As is well known in embryology and pathology, the normal development of various anatomical structures and their response to pathological processes are associated with changes in shape. Evaluation of shapes is a routine part of ultrasound examinations and is used to determine whether a given structure appears 'normal' or 'abnormal'. In serial examinations, changes in shape over time are followed to assess the normalcy of development or the progression of a detected abnormality. Because these shape evaluations are usually subjective, impressions are recorded in statements such as 'The fetal heart appears normal' or 'The obstruction of the urinary tract appears more severe'. It's desired that a quantitative method to assess the shape of anatomical structures be developed and evaluated. This study presents a novel procedure for deriving a single number, the 'shape score,' from the surface point coordinates of standardized gestational sacs. This number, which characterizes the shape of the gestational sac quantitatively, is called the gestational sac shape score (GSSS).

Shape sample acquisition
The study population consisted of 30 pregnant women of mean maternal age 29.0±5.3 years. Ultrasound volume acquisitions were performed using 3D transabdominal sonography [1]. Multiplanar views of each gestational sac were obtained using a customized research version of four-dimensional (4D) View software, Version 5.0 (GE Healthcare).
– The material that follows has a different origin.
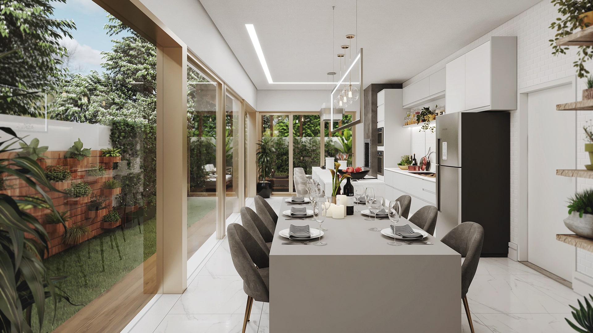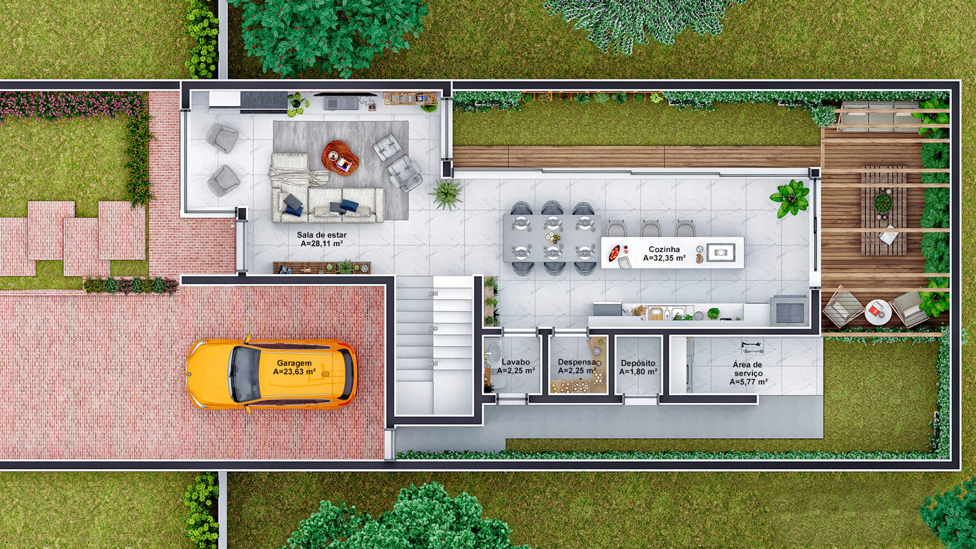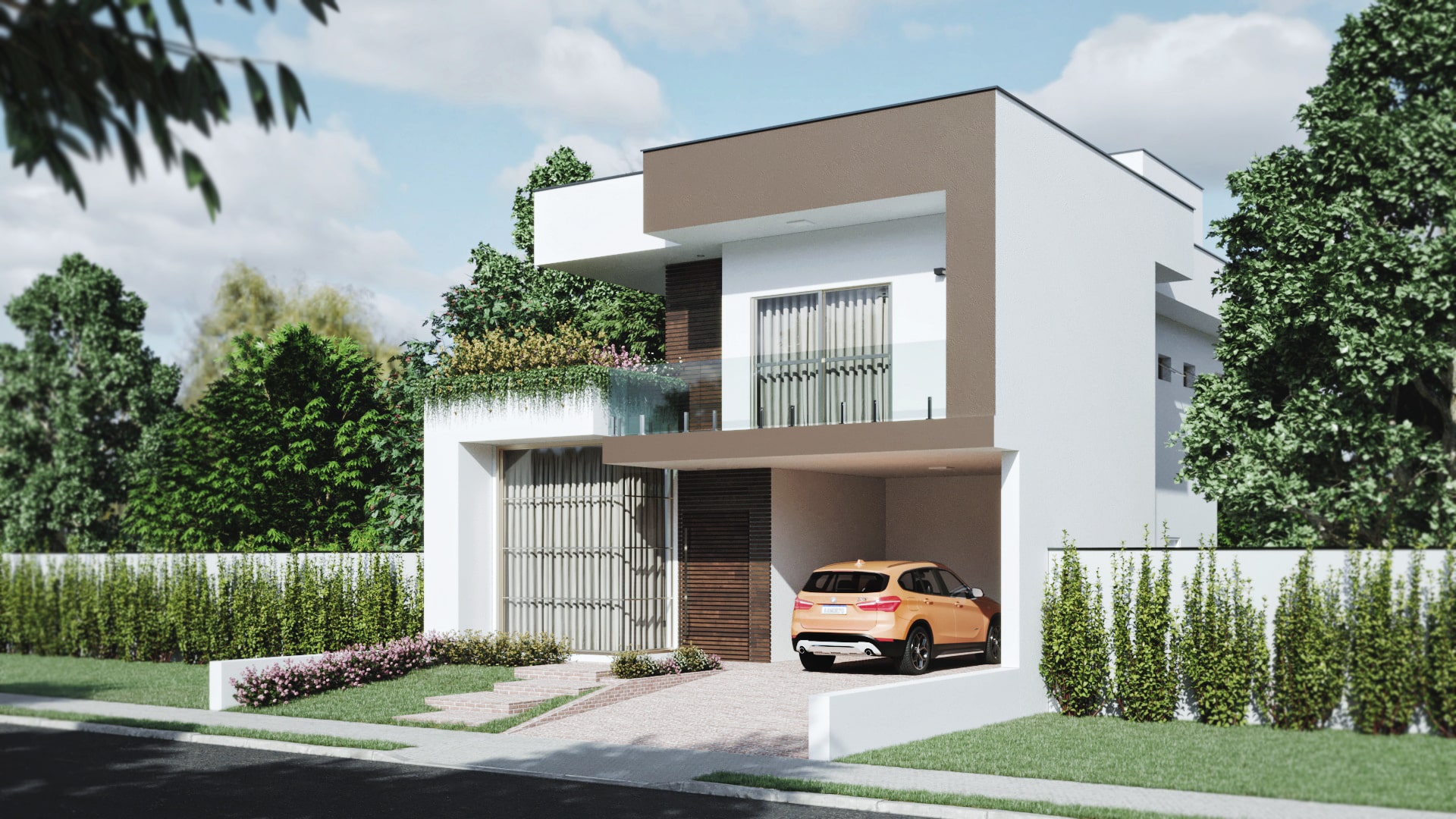 Conheça a Casa Ouro, uma casa de sobrado que você estava procurando, são 237m² de área construída com design moderno e muito espaço para você. A fachada imponente chama a atenção por suas linhas retas e as grandes aberturas, o seu jardim suspenso é um charme a mais para complementar o visual. Esta planta de casa é muito bem projetada e você pode ver isso logo ao entrar, o conceito aberto adotado no piso térreo deixa a casa muita mais espaçosa e para completar este espetáculo o ambiente é aberto com grandes janelas, possibilitando a entrada de luz natural e a circulação de ar nos ambientes. Antes mesmo de subir a escada você tem acesso a uma pequena área de descanso, não falta lugar para você relaxar nesta casa. Subido as escadas, nós temos acesso as suítes, a primeira suíte foi projetada para uma adolescente, sua decoração em tons de rosa vão dos materiais do quarto até o banheiro da suíte, e para completar ela vai ter uma mesa de maquiagem pensada só para ela. A segunda suíte é para um adolescente, o ambiente traz acabamento em madeira e tons mais escuros para ressaltar a sensação de intimidade, o banheiro da suíte também segue a linguagem sóbria que você encontra no quarto. A suíte master dispensa comentários, a disposição do ambiente e sua decoração são totalmente voltadas para garantir o descanso do casal, a abertura da janela garante uma ótima circulação do ar e também iluminação natural abundante, o banheiro ainda oferece um bom espaço e uma decoração que nós podemos chamar no mínimo de primorosa, o acabamento com detalhes em madeira é pura elegância. Para completar este belo pacote você tem uma área de descanso nos fundos da casa que conta com um belíssimo jardim para você relaxar quando for necessário.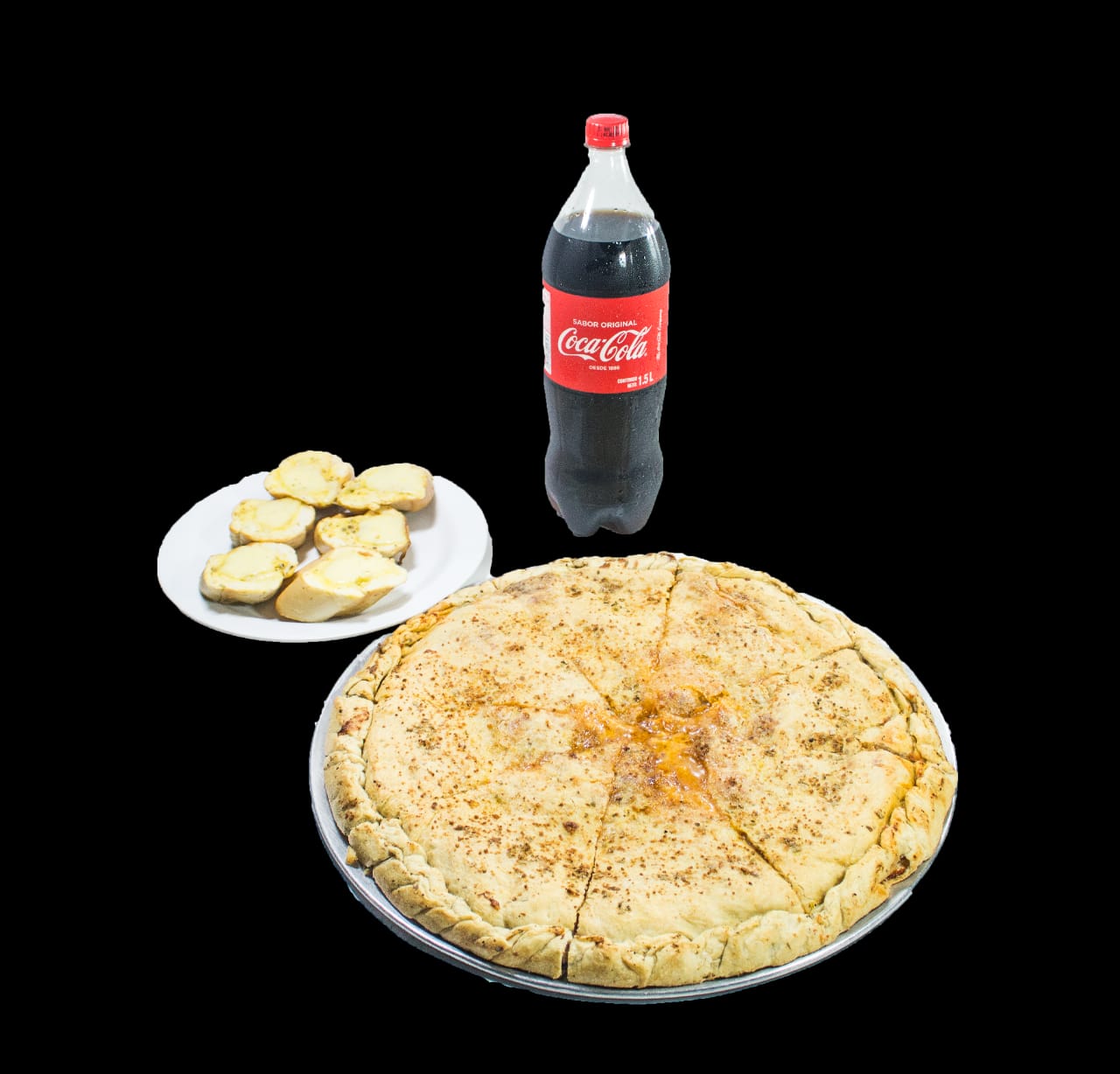 1 Pizza extra grande de cualquier sabor, 1 Coca Cola de 1.5 litros, 1 ordenes de pan supremo de 3und

Electronic markers were first placed on the anterior and posterior sac walls. Gestational sac profiles were then generated and their contours manually traced using a graphics pen and tablet at 6-degree intervals until completion of a 180-degree rotational sweep. For each sac, a total of 30 sampling slices were generated with the 6-degree step. Each slice contains 122 surface points, which leads to 3660 surface points per sac. The surface point coordinates of the sac were exported to a text file for additional analysis. To determine the appropriate value for the sampling step, we compared the sampling efficiency of different sampling steps. The smaller sac samples were obtained by selecting every other slice (12-degree interval) and every fifth slice (30-degree interval). Figure 1 shows a gestational sac under different sampling resolution. All the sac samples of different sampling interval were subject to the same procedure of analysis as follows.

Figure 1 Gestational sac slice sampling. From left to right, slices of the gestational sac are generated at 6-degree, 12-degree and 30-degree intervals.

Surface interpolation
A cubic-spline interpolation procedure was used in this experiment to estimate the radial values at standard locations with 6-degree intervals for azimuth angle θ and 3-degree interval for polar angle φ [2]. Splines are piece-wise, defined smooth and continuous polynomials whose individual curves and their first and second derivatives meet at the endpoints of intervals. Cubic splines require the degree of polynomials to be three or less. This procedure was implemented using MATLAB function 'interp1.' The cubic spline interpolation procedure was used with the coordinate data obtained from the 12-degree and 30-degree sampling steps to evaluate how well these two samples could retain surface details. The results show that the accuracy of the spline interpolation method was reasonably good. So the procedure was used with all 12-degree and 30-degree samples to generate the coordinates of a standard set of surface points, which has a sampling density equivalent to the 6-degree sample.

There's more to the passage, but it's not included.